Exercises that strengthen the entire lower extremity, such as machine weights and CKC exercises, may be included as the patient progresses to more advanced phases of rehabilitation. It is important that total leg strength be emphasized rather than concentrating solely on the quadriceps. Furthermore, the importance of incorporating core stability exercises cannot be overlooked. Training of the core, hip, and ankle located proximally and distally along the kinetic chain is emphasized to assist in controlling the production and dissipation of forces in the knee. In addition, the hip and ankle assist in controlling abduction and adduction moments at the knee joint.

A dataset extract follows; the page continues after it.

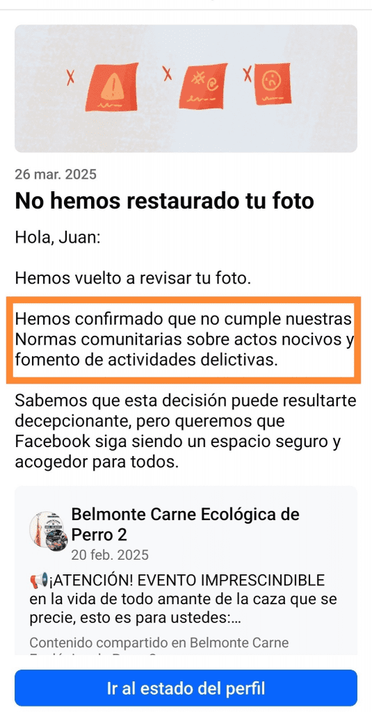 Papá Facebook dice que infringimos las normas comunitarias sobre actos nocivos y fomento de actividades delictivas. O sea, lobos sí pero perros no. El chiste se cuenta solo.

Proprioceptive and neuromuscular control drills of the lower extremities should be included to restore dynamic stabilization of the knee joint postoperatively. Proprioceptive deficits have been noted in the injured and postoperative knee.10,39 Specific drills initially include weight-shifting side-to-side, weight-shifting diagonally, mini-squats, and mini-squats on an unstable surface such as a tilt board (Fig. 37–8). Perturbations can be added to challenge the neuromuscular system as well as additional exercises including lunges, step-ups, and balance onto unstable surfaces (Figs. 37–9 and 37–10).
FIGURE 37-9 Single-leg balance on an unstable surface such as foam. The patient may use a weighted ball while performing reciprocal movement patterns with the uninvolved upper and lower extremities to alter the center of gravity throughout the exercise.